Materials and methods: A 1.0 L sealed glass vessel was fabricated containing the items as depicted in Fig. 3. Two 5 cm × 0:6 cm diameter W rods were positioned transversely 2 mm apart in the top of the reaction vessel with two insulated leads connecting the W rods to a 20 A constant-current transformer (Lambda-EMI 102A-1KV, Neptune, NJ). Ten grams of MicroclusterJ silica was placed on the stage inside the vessel with 100 ml of distilled and deionized water added to the basin. A steady stream of hydrogen gas was bubbled through an aquarium stone in water and introduced to the reaction vessel, purging all of the air from the vessel and increasing pressure to 172 kPa at which time the vessel was sealed. A 500 V potential was applied to the W rods. At voltages ranging from 350 to 750 V, a constant arc could be maintained between the electrodes without melting. The potential was applied for 30 seconds at which time the current was shut off  and additional hydrogen was pumped into the vessel creating a captive plasma. The sample was allowed to sit in the plasma for 30 minutes at which time the silica sample was removed and weighed with an analytical balance.

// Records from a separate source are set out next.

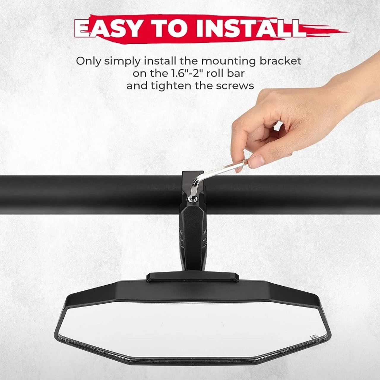 Utv Center Rearview Mirror With 360 Degrees Adjustable Ball Pivot, Makes It Easier To Adjust The Angle Of Rear View Mirror For You Need. Kemimoto Utv Mirrors With Non-Slip Tape Can Hold The Mirror More Stable, Ensures The Utv Mirror Always Keep Stable To The Roll Bar Cage In Off-Road Adventures.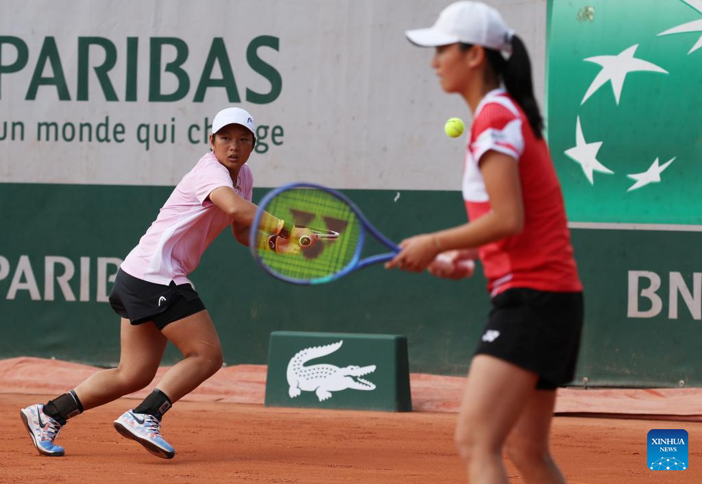 PARIS, 28 mayo, 2025 (Xinhua) -- Jiang Xinyu (i)/Wu Fang-Hsien festejan después de ganar el partido de primera ronda de dobles femeninos entre Jiang Xinyu (China)/Wu Fang-Hsien (Taipei de China) y Camila Osorio (Colombia)/Alycia Parks (Estados Unidos), en el torneo de tenis Abierto de Francia, en Roland Garros, en París, Francia, el 28 de mayo de 2025. (Xinhua/Gao Jing)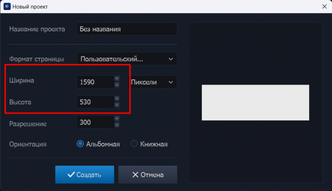 Укажите размеры ширины и высоты, а также ориентацию листа. Для обложки ВК есть установленные размеры: 1590х530.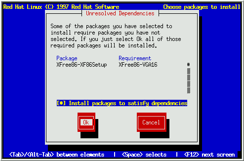 After you have finished selecting packages to install, the installation program checks the list of selected packages for dependencies. If any package requires another package which you have not selected to install, the program presents a list of these unresolved dependencies and gives you the opportunity to resolve them (see Figure 31). If you simply press OK, the program will resolve them automatically by adding all required packages to the list of selected packages.

Figure 3 science behind Megahydrate

Figure 3. Synthesis Apparatus. The representation of the apparatus used to synthesize the compound. A hydrogen gas generator (A) provides H2 gas that is sparged through a fllter stone in deionized, distilled water (B), where the hydrogen gas and water vapor are transported into a reaction vessel (C) with the substrate. Two tungsten electrodes (D) create a captive plasma H− gas via a constant current high-voltage power supply (E). Vessel evacuation, purge and sealing were performed using a mechanical valve (F). The resultant actions interstitially embed the hydride anions created by the plasma into the substrate.

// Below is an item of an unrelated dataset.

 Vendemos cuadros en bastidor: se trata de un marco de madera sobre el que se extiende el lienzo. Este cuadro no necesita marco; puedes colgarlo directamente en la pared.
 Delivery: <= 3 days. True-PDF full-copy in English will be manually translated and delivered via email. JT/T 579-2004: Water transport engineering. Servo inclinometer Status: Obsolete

Results: Determination of the mass of the anionic hydride organosiloxane sample showed an increase from 10.0 to 11.70 g upon exposure to the hydride plasma under pressure. The sample was allowed to sit at room temperature with desiccant in a glass vial for 3 weeks at open atmosphere at which time the proceeding analyses were performed.

An ion beam analysis was performed with the silica powder being pressed into a pellet (1.66 g/cm3) compared to a control standard. Rutherford backscattering spectroscopy (RBS) was analyzed with 2 MeV He beam, while 3 MeV He beam was used in a forward-recoil spectrometry (FReS) measurement. RBS suggests that the powder contains elements O and Si. Including H- content by FReS, the powder relative percentage makeup becomes H (78.1%), O (15.6%) and Si (6.2%). Trace amounts of boron (B) and W (<25 ppm) were also observed. Original values from samples of non-reacted Microcluster silica comparatively illustrate an elemental makeup of H (22.4%), O (55.6%) and Si (21.9%). A 1H-NMR characterization was performed and showed a 16.8% hydride content.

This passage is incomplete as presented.